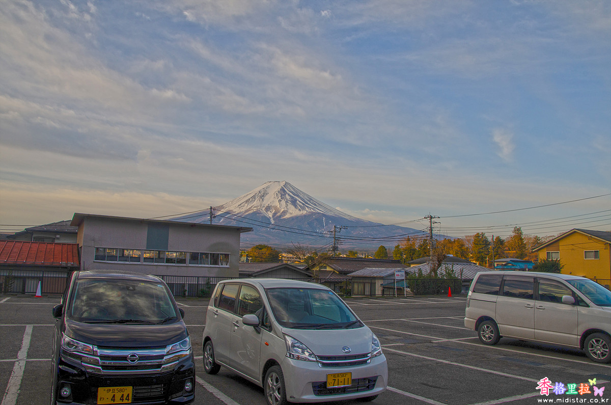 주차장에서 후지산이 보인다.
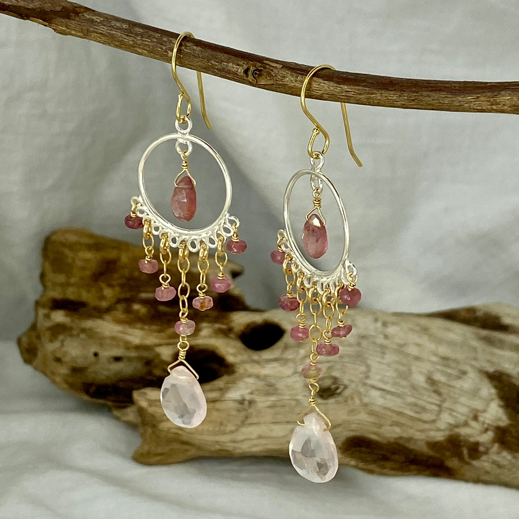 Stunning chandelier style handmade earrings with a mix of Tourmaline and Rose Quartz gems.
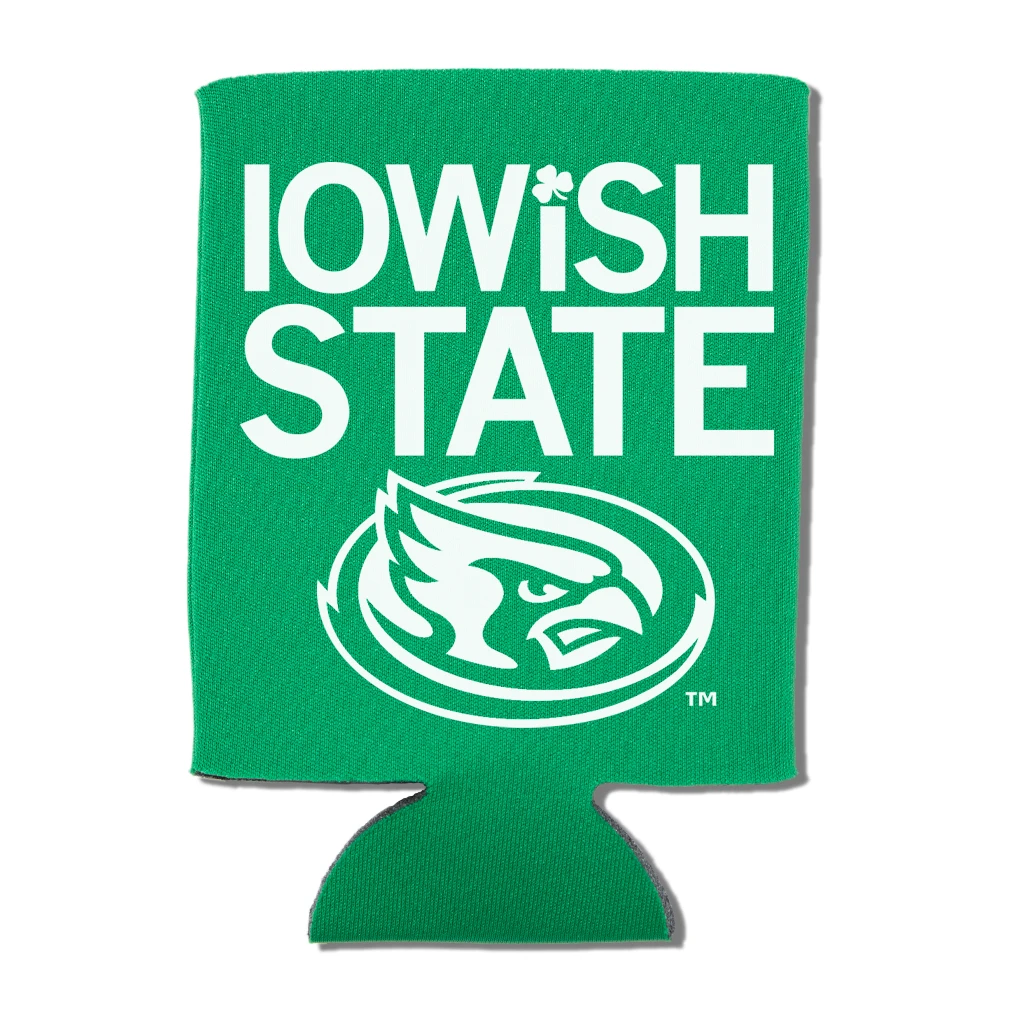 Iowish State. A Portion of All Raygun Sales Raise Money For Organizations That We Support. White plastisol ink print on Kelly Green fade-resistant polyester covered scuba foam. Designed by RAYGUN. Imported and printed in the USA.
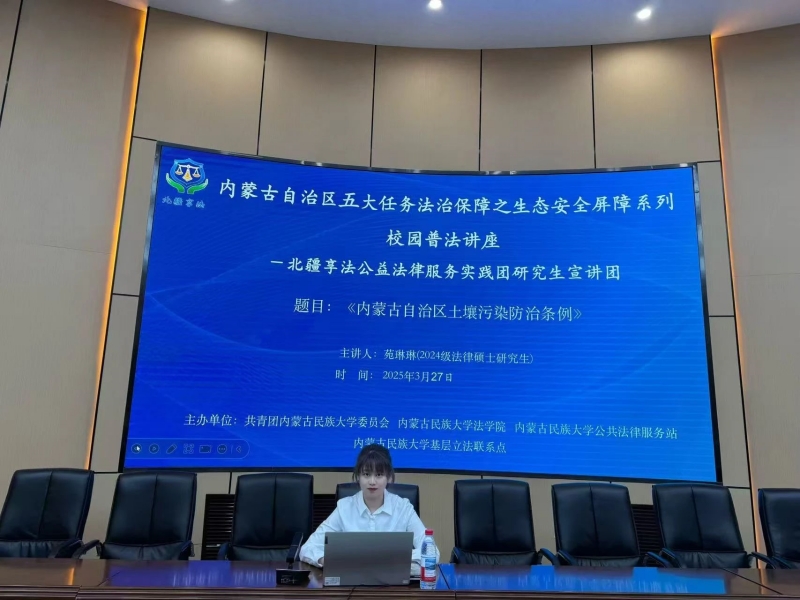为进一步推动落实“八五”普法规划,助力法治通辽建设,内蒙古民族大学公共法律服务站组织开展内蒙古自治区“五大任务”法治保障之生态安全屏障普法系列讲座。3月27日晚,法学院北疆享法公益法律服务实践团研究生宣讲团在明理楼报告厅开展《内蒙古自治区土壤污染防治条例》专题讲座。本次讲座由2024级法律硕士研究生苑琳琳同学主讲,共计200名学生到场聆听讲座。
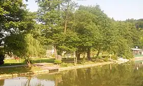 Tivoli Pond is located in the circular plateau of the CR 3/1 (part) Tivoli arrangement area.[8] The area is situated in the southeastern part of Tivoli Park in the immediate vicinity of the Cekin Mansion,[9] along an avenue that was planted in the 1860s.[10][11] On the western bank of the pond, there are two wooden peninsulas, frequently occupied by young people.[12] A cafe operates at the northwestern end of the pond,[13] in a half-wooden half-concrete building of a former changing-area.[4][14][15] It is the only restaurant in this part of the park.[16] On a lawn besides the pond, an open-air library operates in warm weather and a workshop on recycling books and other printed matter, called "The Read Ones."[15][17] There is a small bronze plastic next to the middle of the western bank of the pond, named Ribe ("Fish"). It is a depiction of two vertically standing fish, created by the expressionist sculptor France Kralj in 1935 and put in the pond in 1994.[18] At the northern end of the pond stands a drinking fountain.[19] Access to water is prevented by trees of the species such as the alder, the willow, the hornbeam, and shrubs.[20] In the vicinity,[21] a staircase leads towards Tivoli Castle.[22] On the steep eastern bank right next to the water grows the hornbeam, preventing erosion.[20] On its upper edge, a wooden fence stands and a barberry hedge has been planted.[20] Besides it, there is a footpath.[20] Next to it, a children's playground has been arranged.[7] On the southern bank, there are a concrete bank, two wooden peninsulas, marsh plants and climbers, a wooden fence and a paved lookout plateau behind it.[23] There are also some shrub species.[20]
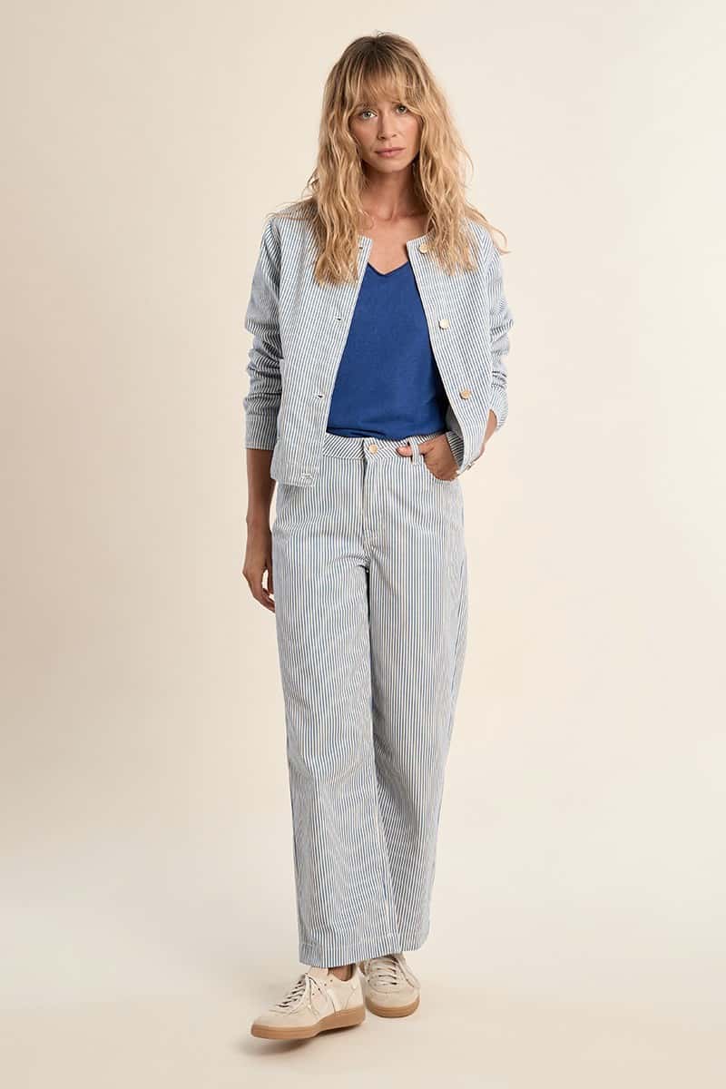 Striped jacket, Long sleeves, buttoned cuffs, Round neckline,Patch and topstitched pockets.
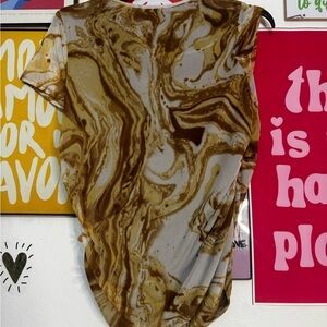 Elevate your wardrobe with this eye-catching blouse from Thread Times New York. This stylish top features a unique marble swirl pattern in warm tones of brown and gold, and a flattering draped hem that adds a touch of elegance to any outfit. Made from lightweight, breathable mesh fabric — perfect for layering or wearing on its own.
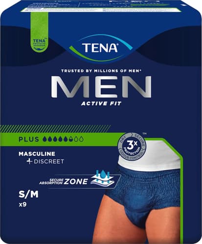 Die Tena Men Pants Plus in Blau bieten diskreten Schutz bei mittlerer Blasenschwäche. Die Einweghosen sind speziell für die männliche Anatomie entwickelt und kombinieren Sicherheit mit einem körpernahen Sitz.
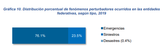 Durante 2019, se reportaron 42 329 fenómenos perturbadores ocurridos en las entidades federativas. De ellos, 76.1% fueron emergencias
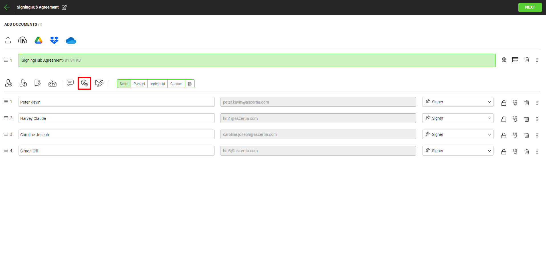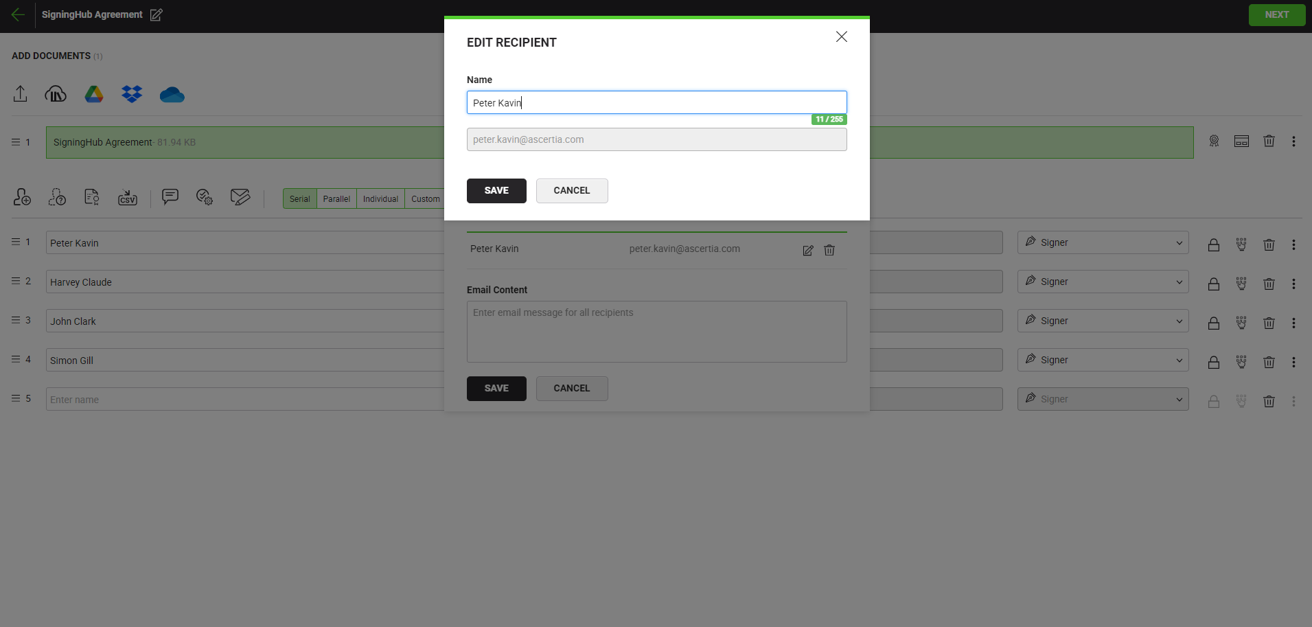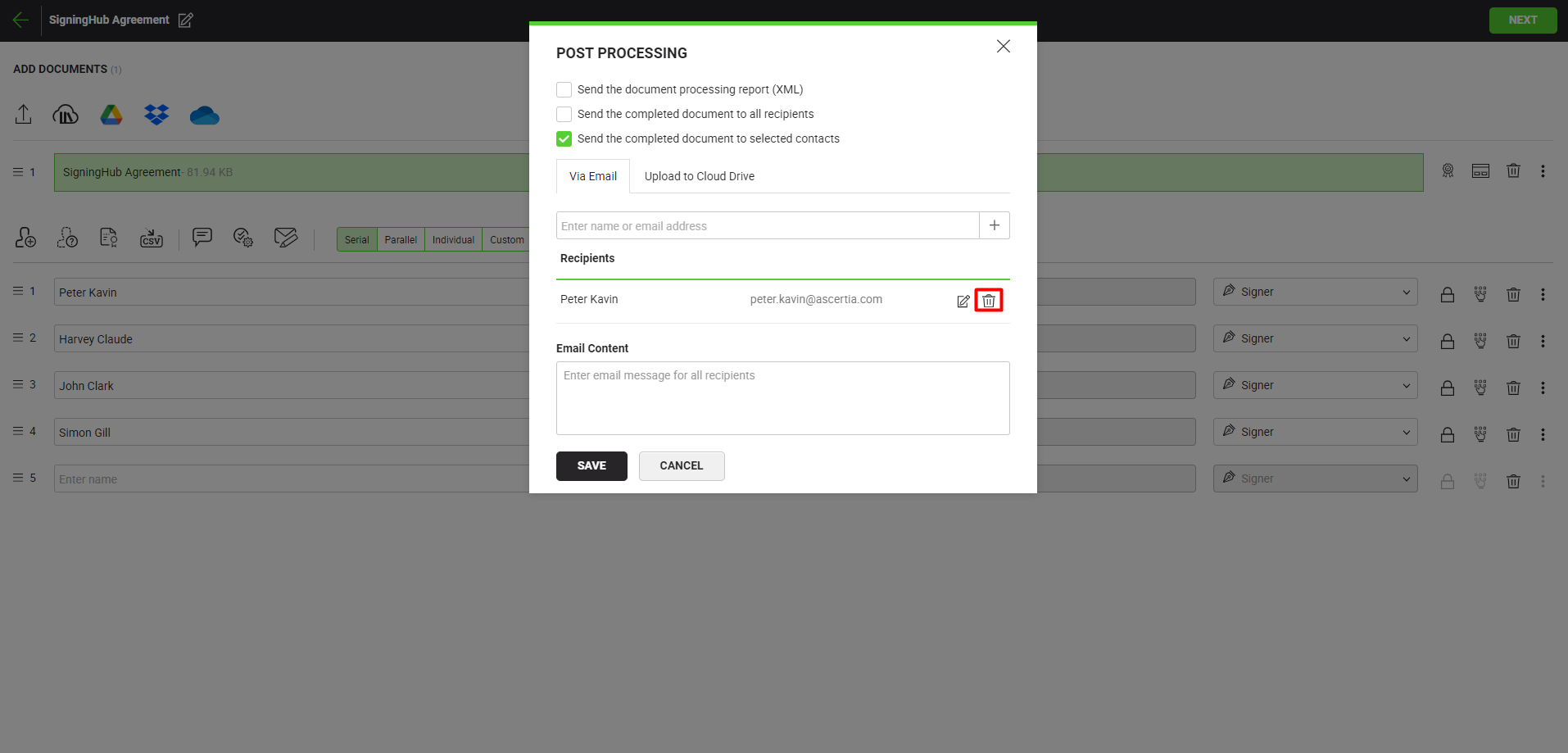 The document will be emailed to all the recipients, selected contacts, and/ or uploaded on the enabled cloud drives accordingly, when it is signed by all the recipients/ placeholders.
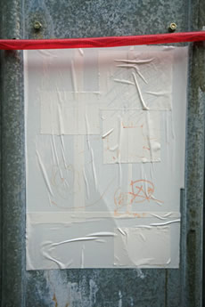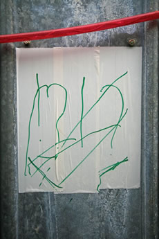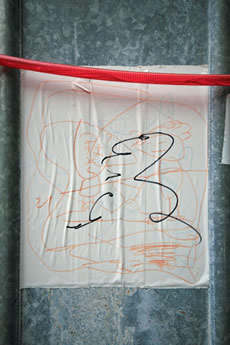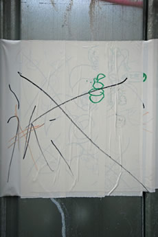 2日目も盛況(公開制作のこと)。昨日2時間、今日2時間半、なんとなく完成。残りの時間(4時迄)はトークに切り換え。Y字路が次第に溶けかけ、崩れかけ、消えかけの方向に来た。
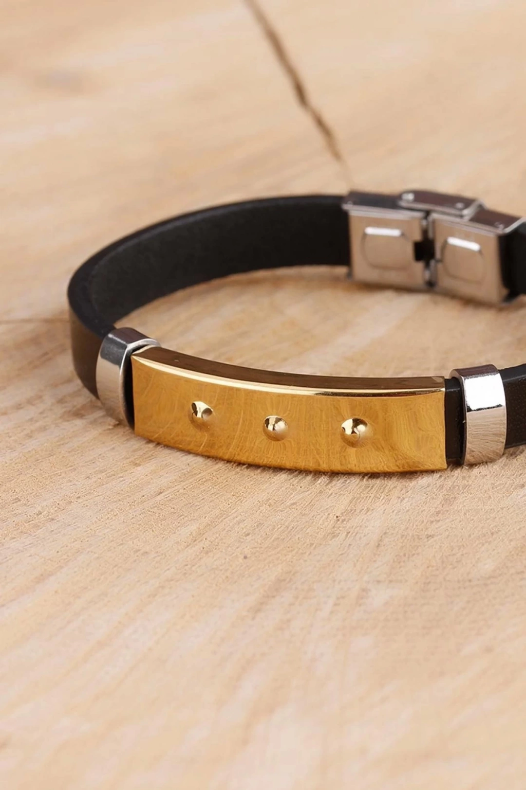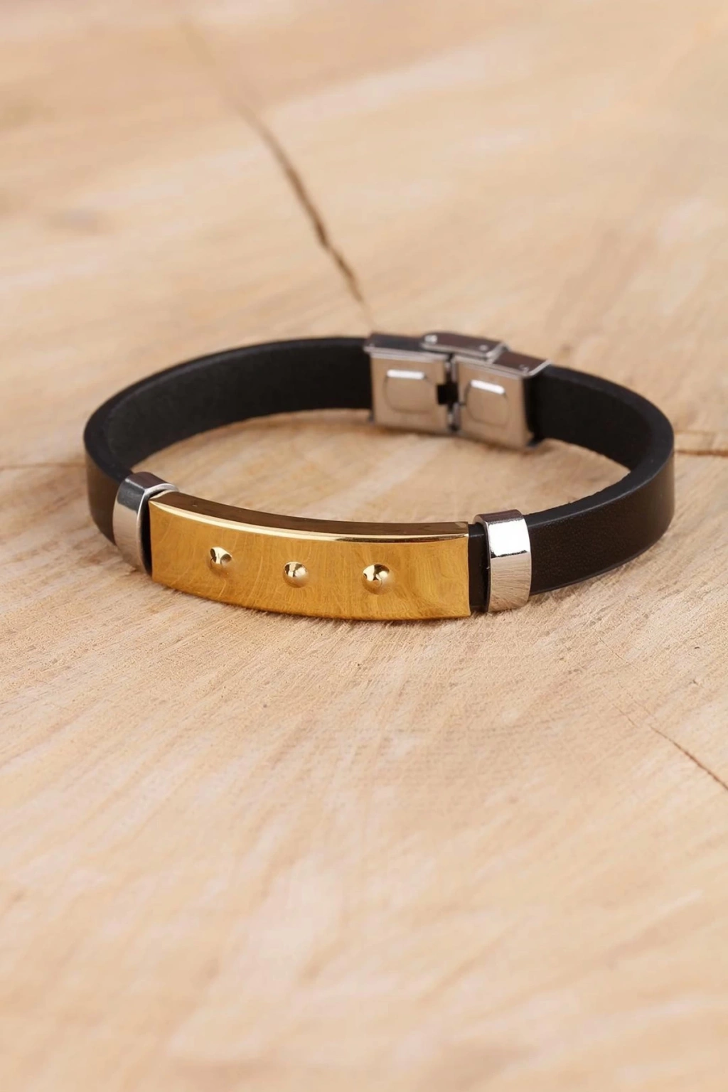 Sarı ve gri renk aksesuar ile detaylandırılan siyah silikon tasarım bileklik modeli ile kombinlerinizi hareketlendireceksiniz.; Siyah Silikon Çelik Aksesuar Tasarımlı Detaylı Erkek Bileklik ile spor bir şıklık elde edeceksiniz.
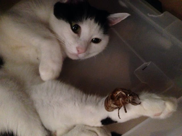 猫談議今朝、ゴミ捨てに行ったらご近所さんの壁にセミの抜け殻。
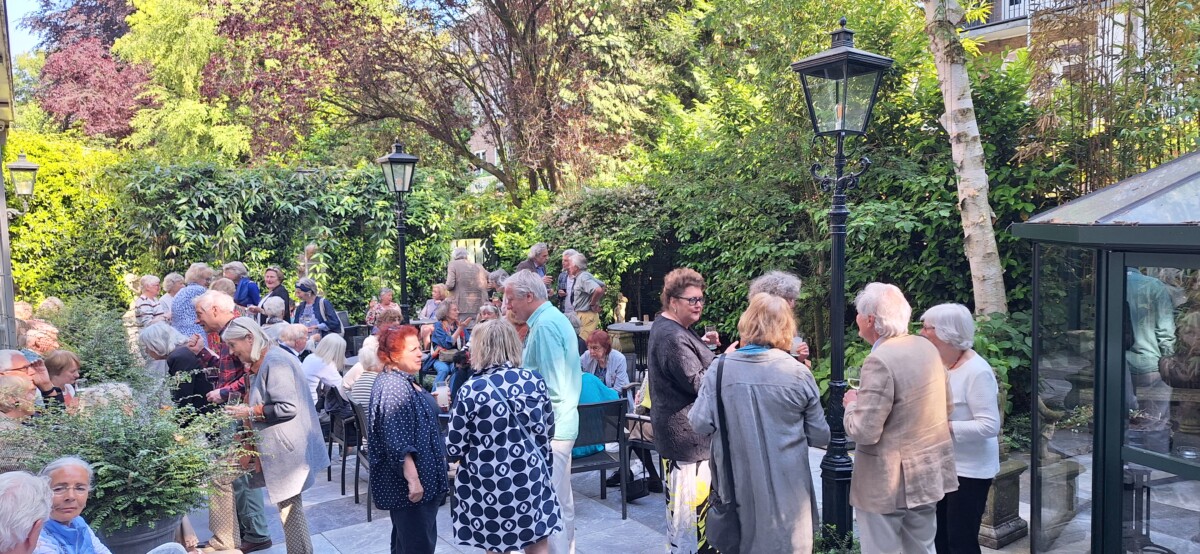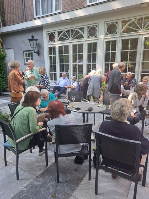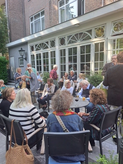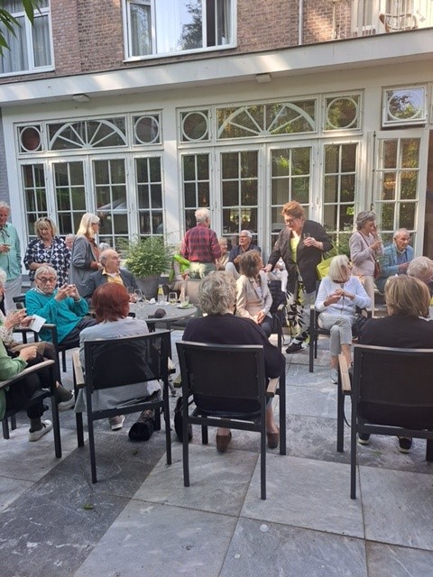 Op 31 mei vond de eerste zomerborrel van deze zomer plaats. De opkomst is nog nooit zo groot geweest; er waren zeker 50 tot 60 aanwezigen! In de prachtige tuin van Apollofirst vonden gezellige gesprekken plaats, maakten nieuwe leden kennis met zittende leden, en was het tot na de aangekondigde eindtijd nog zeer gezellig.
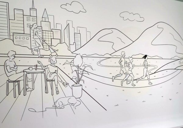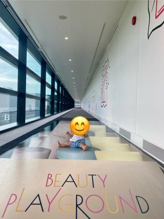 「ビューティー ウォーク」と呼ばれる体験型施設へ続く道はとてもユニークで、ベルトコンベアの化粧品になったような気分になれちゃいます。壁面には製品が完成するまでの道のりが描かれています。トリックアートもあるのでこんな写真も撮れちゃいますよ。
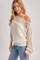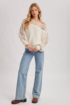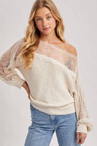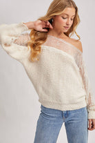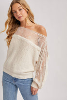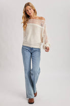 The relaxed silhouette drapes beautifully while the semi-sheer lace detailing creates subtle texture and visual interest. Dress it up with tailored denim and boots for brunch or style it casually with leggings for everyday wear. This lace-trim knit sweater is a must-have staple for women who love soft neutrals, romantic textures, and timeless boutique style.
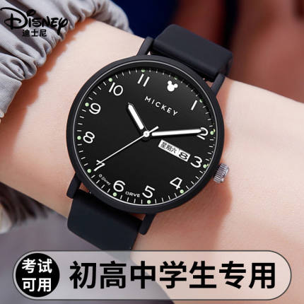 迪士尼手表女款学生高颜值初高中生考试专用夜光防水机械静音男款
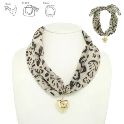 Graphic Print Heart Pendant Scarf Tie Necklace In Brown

● ● ● ● ● ● ●

### What is expected:
Output the records above as they stand, from the first line to the line with "Iowish State. A", inclusive, and exclude the pictures.

### Response area:
 주차장에서 후지산이 보인다.
 Stunning chandelier style handmade earrings with a mix of Tourmaline and Rose Quartz gems.
 Iowish State. A Portion of All Raygun Sales Raise Money For Organizations That We Support. White plastisol ink print on Kelly Green fade-resistant polyester covered scuba foam. Designed by RAYGUN. Imported and printed in the USA.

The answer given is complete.